The next morning, I arrived shortly after six, just in time to see my father looking worse than my mother. A crisply dressed, stern-looking, and eventually embarrassed orderly announced himself at the door, and then sharply said to my father, "Are you ready to go now?"

As the orderly wheeled my mother down a long white corridor, I turned to my father and said, "Did you know you can go part of the way?" He shoved on his slippers and was off without a word. I watched as her fingers reached up from the gurney and wrapped themselves around his. When he returned, he whispered, "That was the hardest thing I've ever done." What I wondered was whether it was the last time her outstretched hand would ever reach for his.

Downstairs, more sticky built-in couches awaited us, symmetrically arranged around a wide-open room whose large windows faced a concrete wall and a huge willow tree. There we camped out, steps away from the gift shop filled with the right cards, the perfect words, fresh flowers, and books that were supposed to bring comfort. But for those of us waiting, there was no comfort. Suddenly it occurred to me that all the books I had recommended to clients, most of which I had given to my father, didn't tell families what they needed most. I needed an objective voice, any voice but my own, one whose words would guide me, would tell me what to say to him.
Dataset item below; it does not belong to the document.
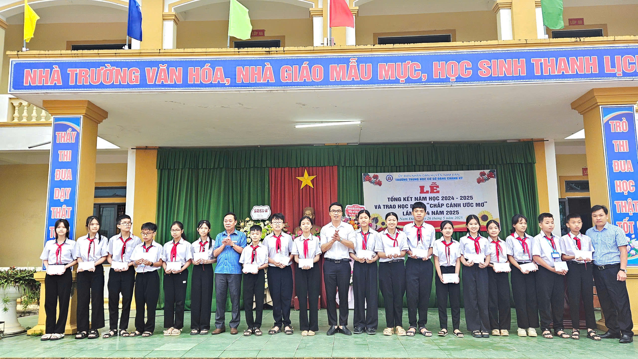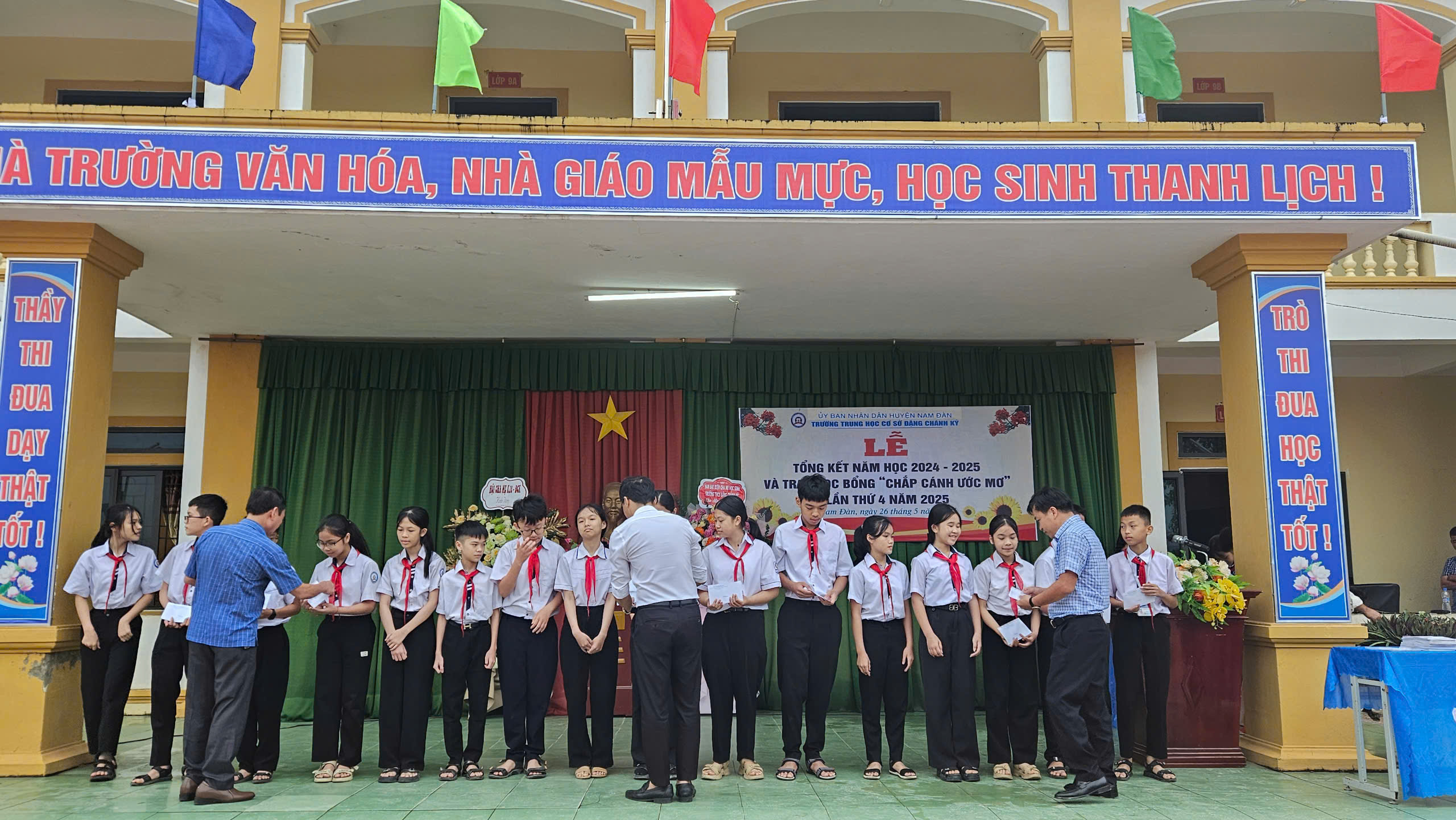 Đồng chí Hà Văn Vinh, Phó Giám đốc Khu di tích Kim Liên trao học bổng “Chắp cánh ước mơ” (đợt 2), cho các em học sinh giỏi và học sinh có hoàn cảnh khó khăn trong Lễ tổng kết năm học 2024 – 2025, tại Trường THCS Đặng Chánh Kỷ, ngày 26/5/2025.

My father needed the stories of others who had been where he was now, people who could give him hope, show him the way. As I returned to our stakeout, empty-handed, I vowed to write that book.

We drank too much coffee, ate very little, and said even less. We took turns watching the hallway, waiting. Finally, I reached over, turning my father's wrist, searching for his watch. My dad nodded, only glancing up for the minute it took him to meet my eyes. He went back to reading and rereading the same pages of the Times.